What you have to do: Leaving all pictures aside, copy exactly the lines from the start of the listing below through the line that contains "Old Plains Smoked", and only those lines.

────────────────────

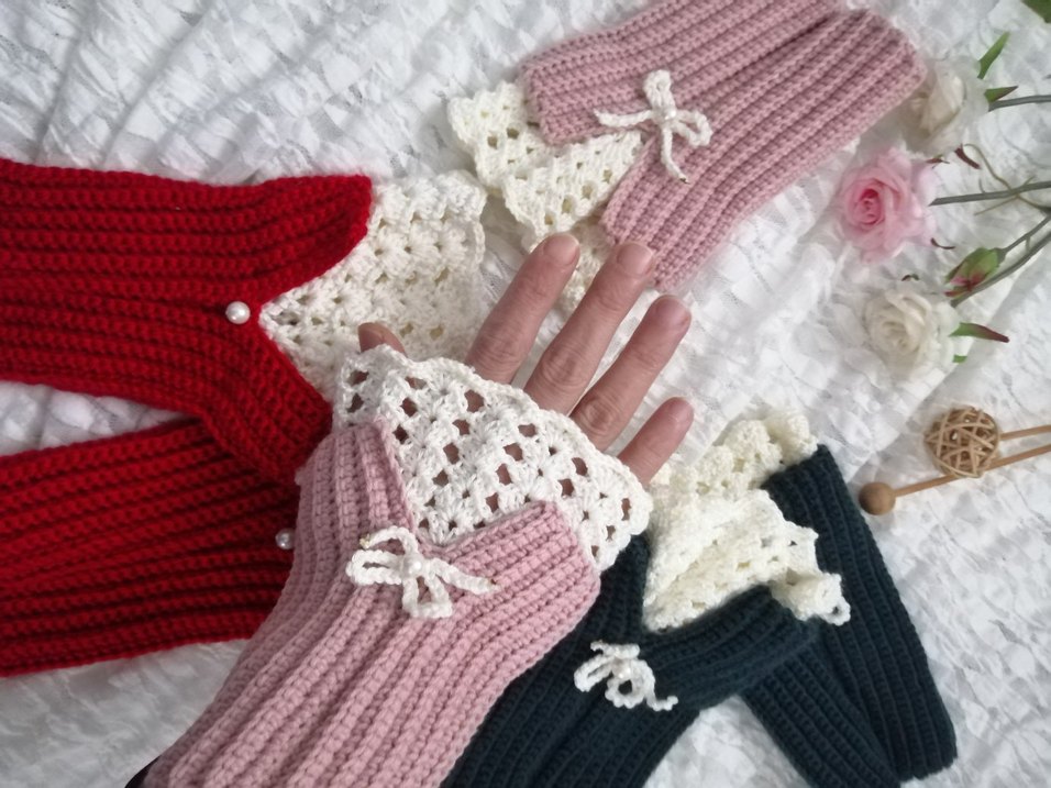 El emeğim yeni örüldü pudra pembesi Renkli örgü kadın eldivenleri, dantel detaylar ve küçük fiyonklarla bohem tarzda, sıcak ve şık bir görünüm sunar.
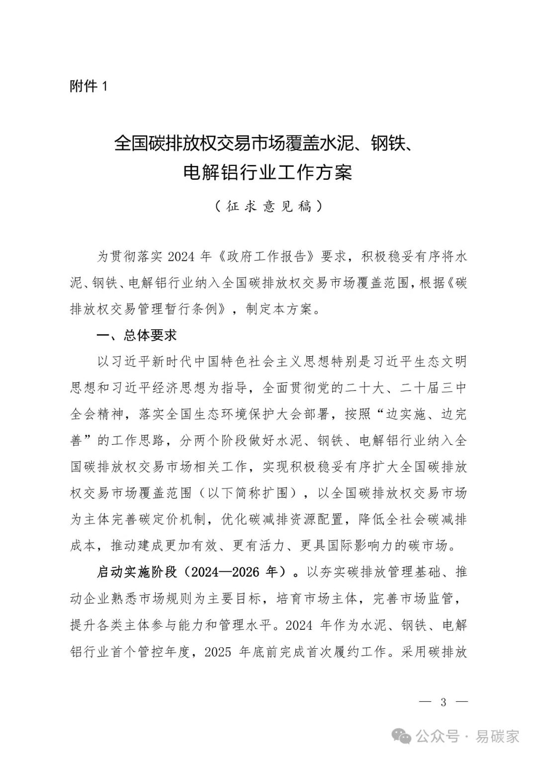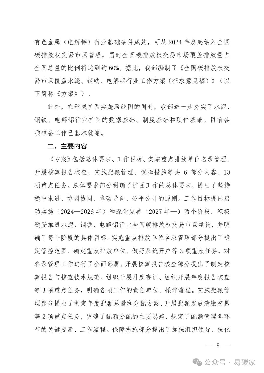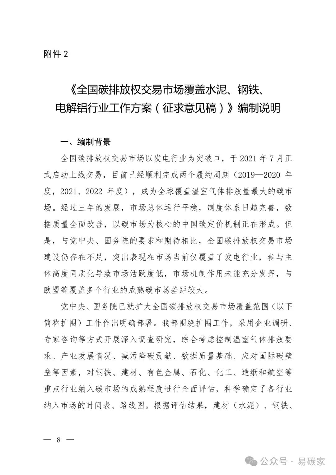 排放权交易市场覆盖水泥、钢铁、电解铝行业工作方案(征求意见稿)》,现公开征求意见(征求意见稿及其编制说明等材料可登录我部网站http://www.mee.gov.cn/ “意见征 各机关团体、企事业单位和个人均可提出意见和建议,有关意见请书面反馈我部(电子版材料请同时发至联系人邮箱)。征求意见截止时间为2024年9月19日。 电子邮箱:climate_china@mee.gov.cn 1.全国碳排放权交易市场覆盖水泥、钢铁、电解铝行业工作方案(征求意见稿) 2.《全国碳排放权交易市场覆盖水泥、钢铁、电解铝行业工作方案(征求意见稿)》编制说明
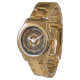 Antieke, fantastische horloges met gouden en koperen tandwielen op een bruine, roestige achtergrond. Stoomstijl.
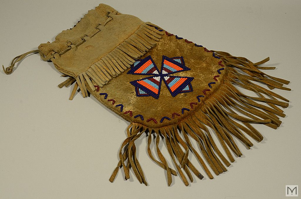 Old Plains Smoked Deer Skin Hide Bag with Beaded Snowflake and 4 Directions
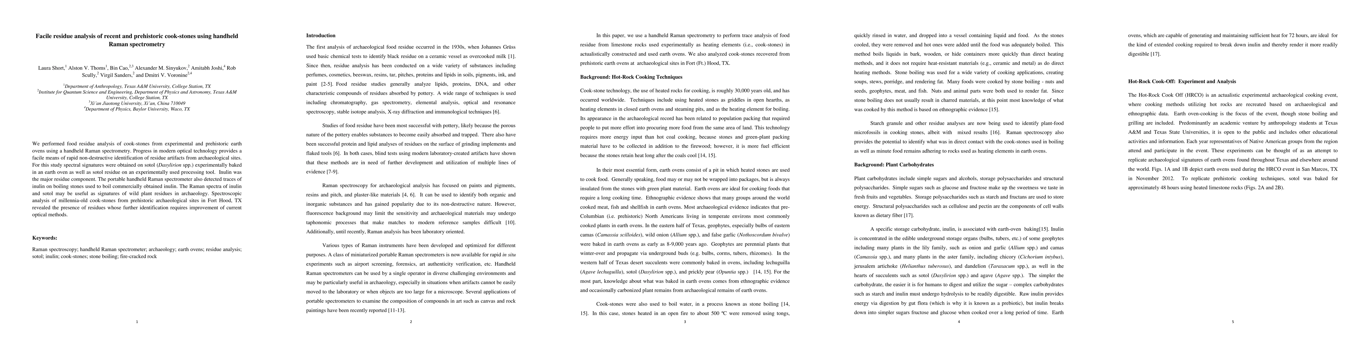 We performed food residue analysis of cook-stones from experimental and prehistoric earth ovens using a handheld Raman spectrometry. Progress in modern optical technology provides a facile means of rapid non-destructive identification of residue artifacts from archaeological sites. For this study spectral signatures were obtained on sotol (Dasylirion spp.) experimentally baked in an earth oven as well as sotol residue on an experimentally used processing tool. Inulin was the major residue component. The portable handheld Raman spectrometer also detected traces of inulin on boiling stones used to boil commercially obtained inulin. The Raman spectra of inulin and sotol may be useful as signatures of wild plant residues in archaeology. Spectroscopic analysis of millennia-old cook-stones from prehistoric archaeological sites in Fort Hood, TX revealed the presence of residues whose further identification requires improvement of current optical methods.
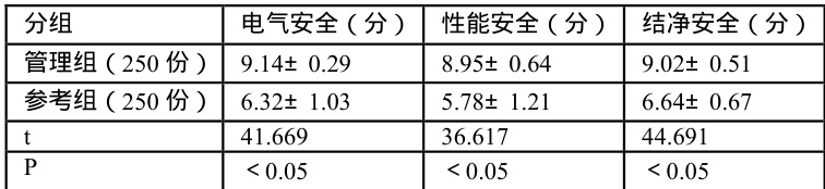 采用安全隐患管理的管理组电电气安全、性能安全、洁净安全评分均高于参考组, ρP<0.05 ,见下表2。
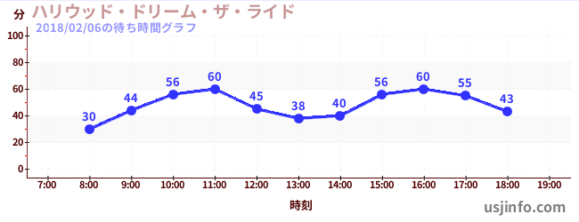 • ハリウッド・ドリーム・ザ・ライド$B$N(B2018年02月06日の待ち時間
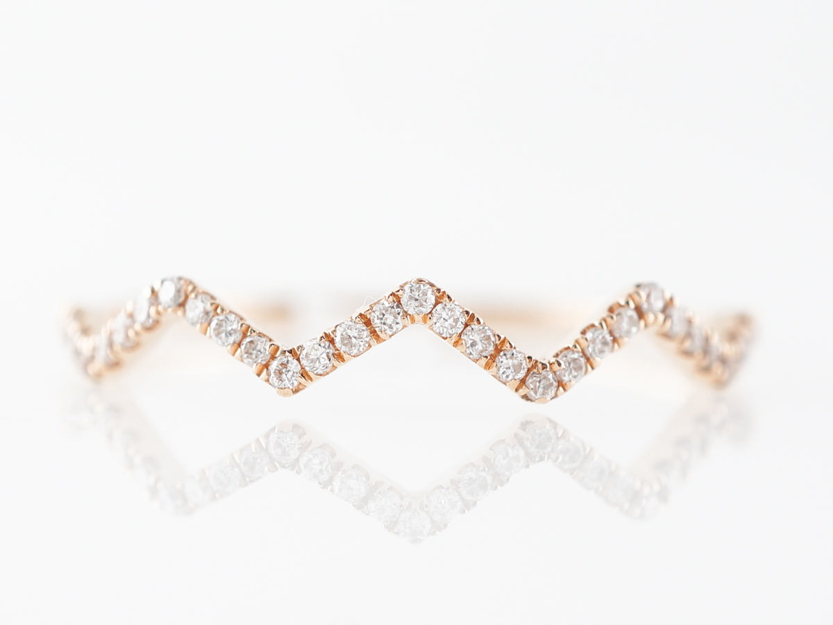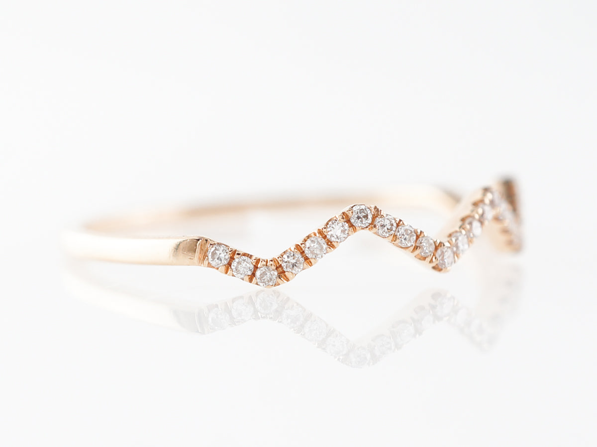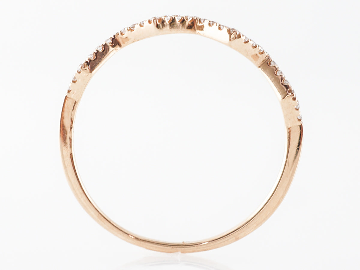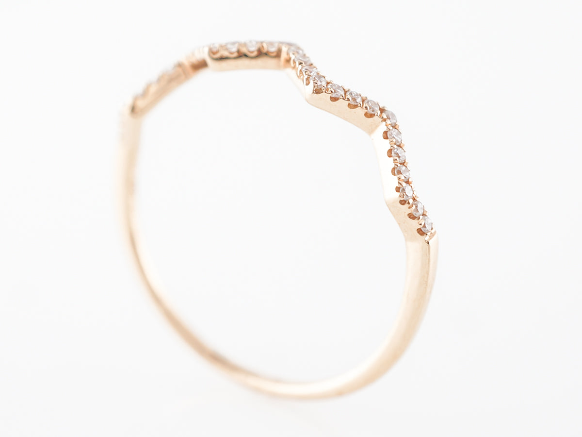 Curved Rose Gold Diamond Wedding Band in 18k. This modern wedding band is made of 18k rose gold and includes 29 round brilliant cut diamonds set with shared prongs for a total diamond weight of .33 carats. The setting angles sharply across the top of the band which could allow for a snug fit with an engagement ring. A curved band can also be a great addition to a stack of bands.
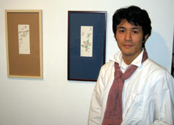 One artist who rests near one side of the rough grouping is Akira Yamaguchi, a painter in his mid-30s who went to school with the controversial artist Makoto Aida at the Tokyo National University of Fine Arts and Music. Yamaguchi's paintings mix traditional Japanese scenes and subjects with a modern sensibility that sometimes features strange hybrids of animals and machines.

────────────────────

Task output:
 El emeğim yeni örüldü pudra pembesi Renkli örgü kadın eldivenleri, dantel detaylar ve küçük fiyonklarla bohem tarzda, sıcak ve şık bir görünüm sunar.
 排放权交易市场覆盖水泥、钢铁、电解铝行业工作方案(征求意见稿)》,现公开征求意见(征求意见稿及其编制说明等材料可登录我部网站http://www.mee.gov.cn/ “意见征 各机关团体、企事业单位和个人均可提出意见和建议,有关意见请书面反馈我部(电子版材料请同时发至联系人邮箱)。征求意见截止时间为2024年9月19日。 电子邮箱:climate_china@mee.gov.cn 1.全国碳排放权交易市场覆盖水泥、钢铁、电解铝行业工作方案(征求意见稿) 2.《全国碳排放权交易市场覆盖水泥、钢铁、电解铝行业工作方案(征求意见稿)》编制说明
 Antieke, fantastische horloges met gouden en koperen tandwielen op een bruine, roestige achtergrond. Stoomstijl.
 Old Plains Smoked Deer Skin Hide Bag with Beaded Snowflake and 4 Directions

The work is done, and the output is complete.